DING DING DING! Opportunity rings the doorbell!
I smiled slowly. "Oh, I'm wearing a costume alright," I said. "I'm just trying not to scare the children."
"You're scaring me already, man," snorted the teenager, laughing at his own joke. "Get it? I said your face was scaring me!"
Rolling my eyes, I turned to the kids. "Why don't you kids take this bowl of candy down the hall while I talk to this… thing, okay?" I suggested.
I had them hooked at 'candy'. No wonder so many little kids get abducted at that age!
"Josef…" warned Mick. "Remember our agreement? No scaring the trick-or-treaters."
"Killjoy," I snapped.
However, this kid didn't know a lifeline when it was being tossed to him. "Yeah," he chimed in. "Listen to your boyfriend!"
I glared back at Mick, whose eye was twitching in anger. "Never mind," he said. "Do your worst."
I don't know if you've ever been face-to-face with a pissed-off vampire. Maybe you have. But if you have, consider this: Was it Halloween? Was there a mutilated teenage emo pretending to be a vampire within a 10-foot radius of the real thing? Was Beth hissing threats in the background?
Probably not.
I wish I could explain why our eyes change when we move in for the kill, but honestly, I didn't care at the moment. It just added to the whole 'evil, killer vampire' effect.
And seriously, what a rush! It's almost better than lobbing cherry bombs off the roof of that one Vietnam veteran who lives a few blocks down. He starts having flashbacks and panics and OH MY GOD is it fun! But this…
The kid went white as blow and for a moment, I thought he was going to pass out. Then he got a hold of himself and started screaming and pissed himself. Then, of course, the little kids started screaming, so I grabbed a flashlight and made a humorously scary face before they could see me.
"Your big brother's a chicken," I said lightly. "You three aren't scared, are you?" They laughed. Of course they weren't. "Well, Happy Halloween!" I closed the door.
Beth was livid.
"I. Cannot. BELIEVE you did that!!" she shouted. "There were children out there!"
I shrugged. "You should try it sometime."
Mick rolled his eyes. "You never stop with the surprises, Josef," he laughed, pouring a glass of that disgusting preserved blood for me and grabbing a beer for Beth. "If I didn't know better, I'd say you're starting to like this holiday."

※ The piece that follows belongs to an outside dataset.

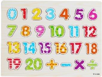 UKŁADANA NAUKA LICZENIA, W ZESTAWIE LICZBY OD 0 DO 20, ZNAKI MATENATYCZNE, WYM. OPK: 29 X 16 X 0,6 CM., 3+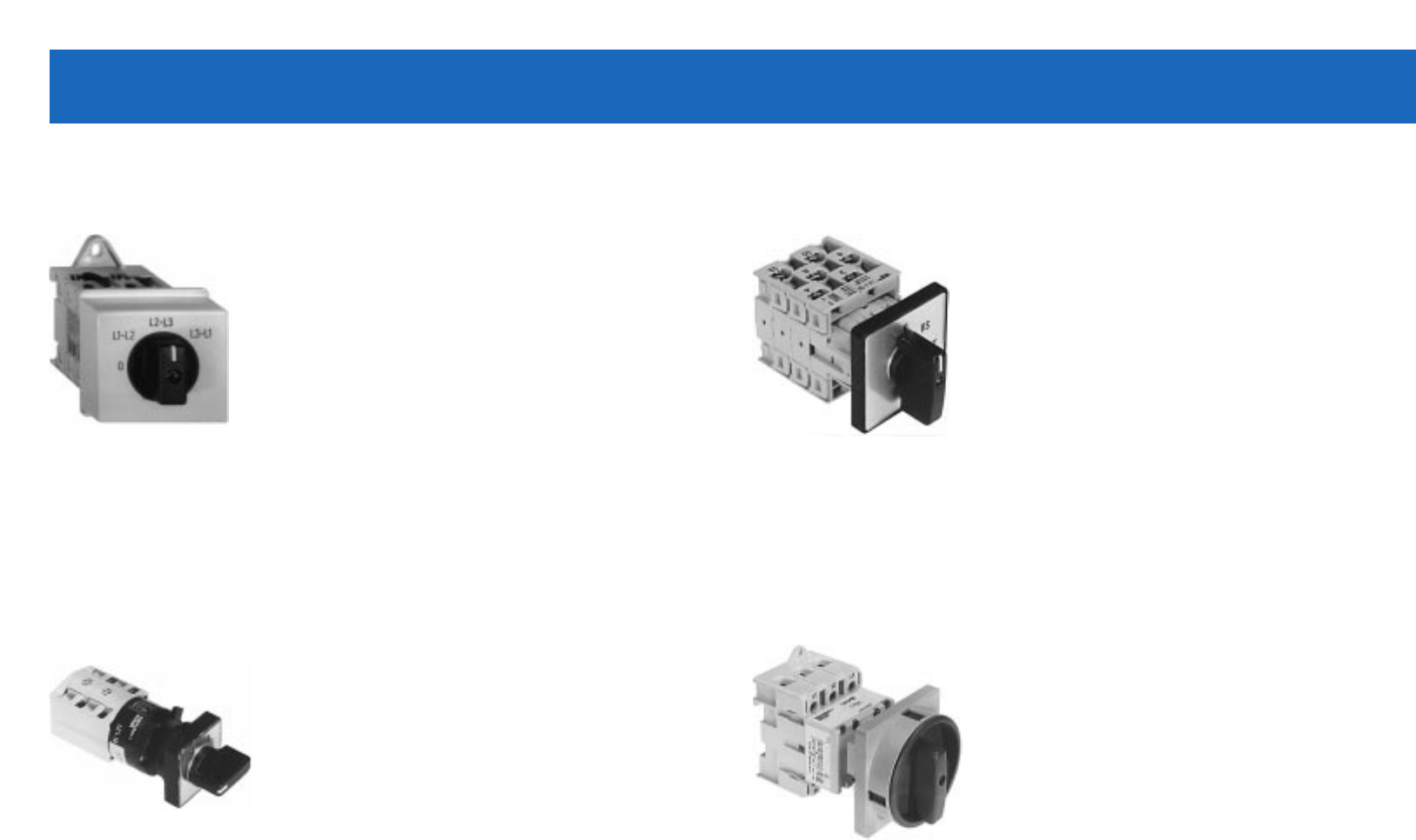 Control and Load Switches • Rated Currents up to 10 A • Wide Choice of Functions and Switch Positions • Standard Installation Sizes of 16 mm and 22 mm (for combining with 800E Control and Indicating Units) • Fingerproof Switch Body (IP20) • Water Spray and Dust-Proof Actuators (IP65) • Easily Accessible Terminals • Clearly Marked Terminals Control Switches / Bulletin 194C / L 1 Pages 12-9...12-13 • Main Switches / EMERGENCY OFF Switches • Series Q • 194E Series B Load Switch, Type Q for Installation in Distribution Cubicle • 194E Series B Load Switch / EMERGENCY OFF, Type R for Installation in Distribution Cubicle • 194E Series B Load Switch in Enclosure for Base Mounting Complete Switches Pages 12-6...12-8 • Rated Currents up to 100 A • Wide Choice of Functions and Switch Positions • Screw and Central Fixture • Front or Basic Mounting • Fingerproof Switch Body (IP20) • Water Spray and Dust-Proof Actuators (IP65) • Easily Accessible Terminals • Clearly Marked Terminals • Wide Assortment of Accessories Switch Disconnectors / Bulletin 194E Series B Pages 12-35...12-38 • Rated Currents up to 25 A • Choice of Functions and Switch Positions • Screw and Central Fixture • Front or Basic Mounting • Fingerproof Switch Body (IP20) • Water Spray and Dust-Proof Actuators (IP65) • Easily Accessible Terminals • Clearly Marked Terminals Control and Load Switches / Bulletin 194L / L 2 Pages 12-15...12-33 12 Bulletin 194C / L 1, Bulletin 194L / L 2, Bulletin 194E Series B Control and Load Switches Overview 12-2 Rockwell Automation 194L / L 2 Control and Load Switch 194E Switch Disconnector 12 Bulletin 194C / L 1, Bulletin 194L / L 2, Bulletin 194E Series B Control and Load Switches Overview Rockwell Automation 12-3 194L-A / LA 2 Control and Load Switch for Standard Distribution Panels with DIN Cut-out 194C / L 1 Load Switch 194EY Enclosure with Switch Disconnector 12 Bulletin 194C / L 1, Bulletin 194L / L 2, Bulletin 194E Series B Control and Load Switches Product Description 12-4 Rockwell Automation ON-OFF Switch 194C / L 1 ON-OFF Switch 194E ON-OFF Switch 194L / L 2 Step Switch 194L / L 2 Reversing Switch 194L / L 2 Ammeter Selector Switch 194L / L 2 Voltmeter Selector Switch 194L / L 2 ON-OFF Switch 194E Control and Load Switch The control switch 194C / L 1, the control and load switch 194L / L 2 and the load switch 194E are flexible, adaptable, time and space saving devices. These switches can be front mounted (door) or base/DIN rail installed. Control and load switches satisfy a broad range of applications, offer product flexibilty, and have an attractive family appearance. The switch design and the many possible combinations make control and load switches adaptable to most applications. ON-OFF Switch Two position switch used to connect and disconnect any electrical supply. They are used in variety of control and power switching appplications. Control applications include: energizing solenoids, actuators, valves, magnetic starters and relays. Power applications include: manual control of direct-on-line motors and isolation of motor branch circiuts. Changeover Switch Three position switch used in power applications to change bet- ween alternate electrical supplies. These devices are typically used to switch the power supply from the primary source to a stand-by generator or emergency supply in the event of a power outage. Star-Delta Switch Three-position (OFF, star-delta) switch used to manually control the reduced voltage starting of the motor. Operating the switch changes the wiring configuration to the motor from a star configu- ration to a delta configuration once the controller operator dete- mines the motor is up to speed. Reversing Switch Three position (OFF; star-delta) swtich used to manually control the direction of rotation of a motor. Operating the switch changes the wiring configuration to the motor to operate in the forward or reverse direction. Ammeter Selector Switch Multi-position switch used to connect one or more phases of the electrical supply to an ammeter, so that the current in each phase can be displayed on the ammeter. Voltmeter Selector Switch Multi-postion switch used to connect two lines of the electrical supply system to a voltmeter, so that the voltage can be dis- played on the voltmeter. Step Switch Multi-position switch used to connect a variety of loads to an electrical supply in a pre-determined logical sequence. A typical application would be temperature control of a heating oven or furnace. Switch Disconnector Conform to the isolation requirements for disconnectors. This provide on-load making and breaking functions as well as the isolation function. 12 Bulletin 194C / L 1, Bulletin 194L / L 2, Bulletin 194E Series B Control and Load Switches Preselection Rockwell Automation 12-5 AC-21A Switching of resistive loads with slight overload according to IEC / VDE / BS 440 V [A] 690 V [A] Type See page below for 440 V [A] 690 V [A] Type ON/OFF Changeover 10 – 194C-10 / L 1-10 12-12 12-12 – 12 194L-12 / L 2-12 12-18 12-20 – 16 194L-16 / L 2-16 12-18 12-20 – 20 194L-20 / L 2-20 12-18 12-20 – 25 194L-25 / L 2-25 12-18 12-20 – 25 194E-25 12-38 – 32 194E-32 12-38 – 40 194E-40 12-38 – 63 194E-63 12-38 – 80 194E-80 12-38 – 100 194E-100 12-38 AC-23A Occasional switching of motors or other highly inductive loads 3-phase / 3 pole Single phase / 2 pole See page below 220...240 V [kW] 380...440 V [kW] 500 V [kW] 690 V [kW] 110 V [kW] 220...240 V [kW] 380...440 V [kW] Type ON/OFF Changeover 1.8 3 – – 0.37 0.75 1.1 194C-10 / L 1-10 12-12 12-12 2.2 4 5.5 5.5 0.75 1.3 2.2 194L-12 / L 2-12 12-18 12-20 3 5.5 7.5 7.5 1.1 2.2 3.7 194L-16 / L 2-16 12-18 12-20 4.5 7.5 10 8 1.2 2.5 4.5 194L-20 / L 2-20 12-18 12-20 5.5 11 13 11 1.6 3.2 5.5 194L-25 / L 2-25 12-18 12-20 7.5 11 – 11 – – – 194E-25 12-38 11 15 – 15 – – – 194E-32 12-38 15 18.5 – 18.5 – – – 194E-40 12-38 18.5 22 – 22 – –

"Not as much as Bomb Day," I said matter-of-factly. "Nothing tops that."
"Bomb Day?" repeated Beth questioningly. "What's Bomb—OH! July 4th?"
"Dead on." I drained half the glass in one gulp. "Where to next? Oddly enough… I feel like… TPing."
Okay, if you could see Beth and Mick's faces right now, I think you would understand why I choked on the blood I was drinking, sending it all out my nose. I swear, you think milk is bad…
"Who are you, and what have you done with Josef Kostan?" laughed Beth.